Range to output from the entries below: the line containing "该连接将由4条电缆组成,跨越" through the line containing "HR team. Girl". Set it down exactly, ends included, nothing else.

§ EXCERPTED DATA:
**********

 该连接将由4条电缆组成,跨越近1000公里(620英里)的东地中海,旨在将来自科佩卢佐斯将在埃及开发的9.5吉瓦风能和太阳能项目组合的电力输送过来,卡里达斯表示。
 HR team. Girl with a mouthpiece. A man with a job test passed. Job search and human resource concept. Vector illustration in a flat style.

**********

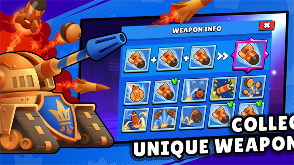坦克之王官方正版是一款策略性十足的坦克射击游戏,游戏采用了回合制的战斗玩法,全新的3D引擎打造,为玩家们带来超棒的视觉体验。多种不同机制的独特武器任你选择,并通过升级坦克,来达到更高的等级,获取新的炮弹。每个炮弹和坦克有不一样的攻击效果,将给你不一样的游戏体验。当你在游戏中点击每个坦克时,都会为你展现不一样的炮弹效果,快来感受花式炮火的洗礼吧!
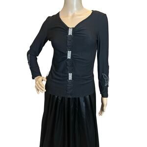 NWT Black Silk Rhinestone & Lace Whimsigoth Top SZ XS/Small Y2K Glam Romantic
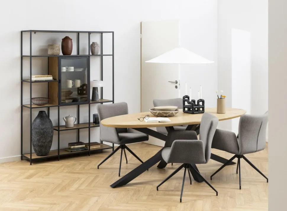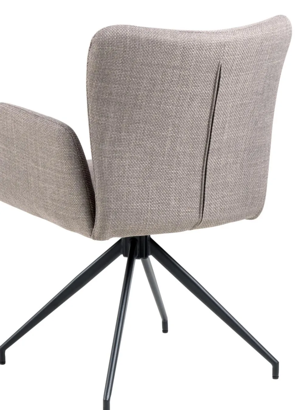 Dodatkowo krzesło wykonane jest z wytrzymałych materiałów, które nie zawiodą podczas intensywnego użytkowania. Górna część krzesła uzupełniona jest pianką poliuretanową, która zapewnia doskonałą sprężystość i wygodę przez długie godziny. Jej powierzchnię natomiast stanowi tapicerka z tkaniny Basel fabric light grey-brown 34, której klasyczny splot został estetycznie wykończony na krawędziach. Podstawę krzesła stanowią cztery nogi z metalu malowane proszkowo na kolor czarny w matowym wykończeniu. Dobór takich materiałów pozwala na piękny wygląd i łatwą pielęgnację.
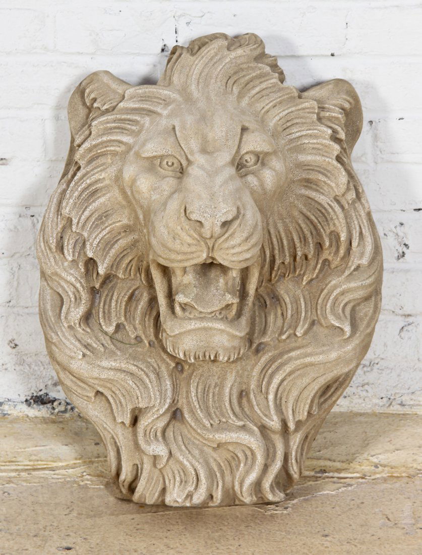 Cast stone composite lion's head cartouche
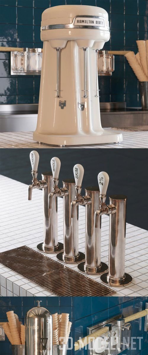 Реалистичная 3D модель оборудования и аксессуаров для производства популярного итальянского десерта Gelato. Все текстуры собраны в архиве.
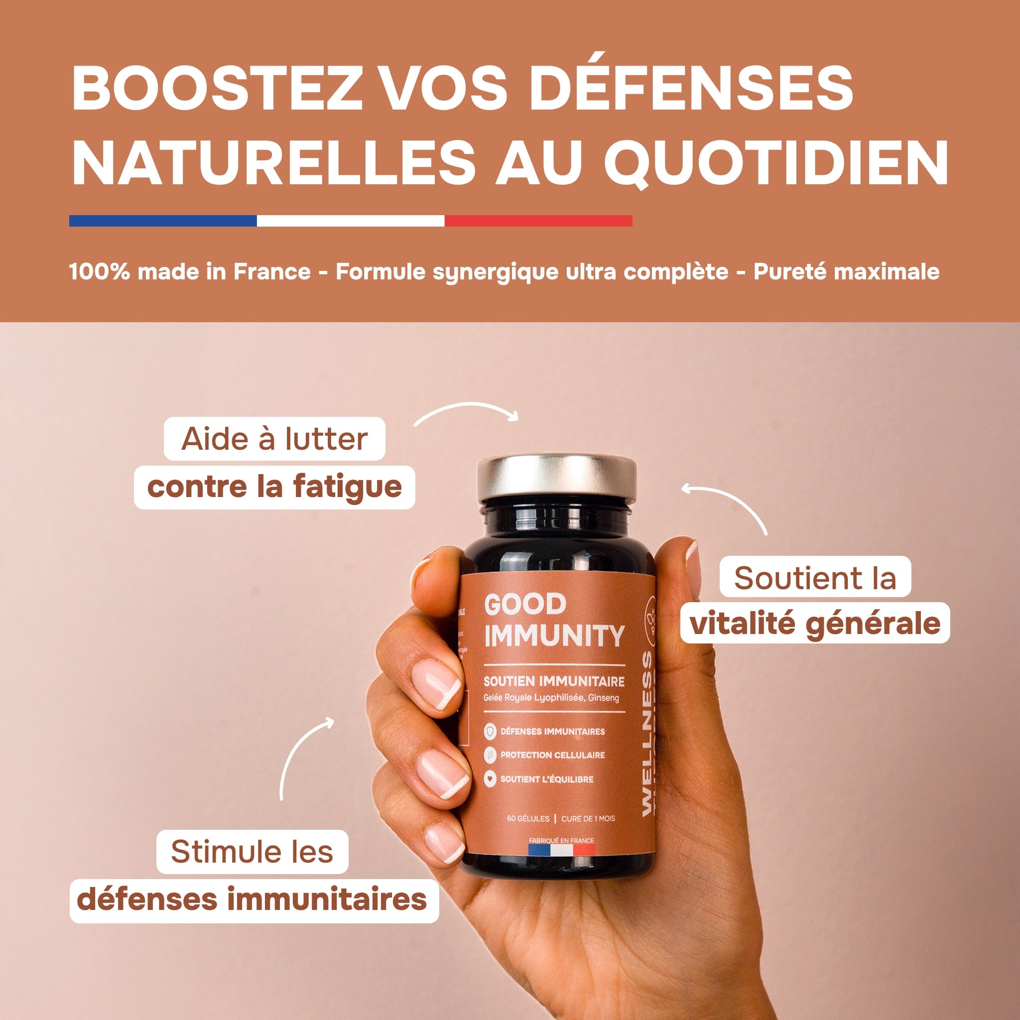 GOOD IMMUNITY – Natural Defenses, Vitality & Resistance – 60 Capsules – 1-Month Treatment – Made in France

**********

§ RESPONSE TO THE EXERCISE:
 该连接将由4条电缆组成,跨越近1000公里(620英里)的东地中海,旨在将来自科佩卢佐斯将在埃及开发的9.5吉瓦风能和太阳能项目组合的电力输送过来,卡里达斯表示。
 HR team. Girl with a mouthpiece. A man with a job test passed. Job search and human resource concept. Vector illustration in a flat style.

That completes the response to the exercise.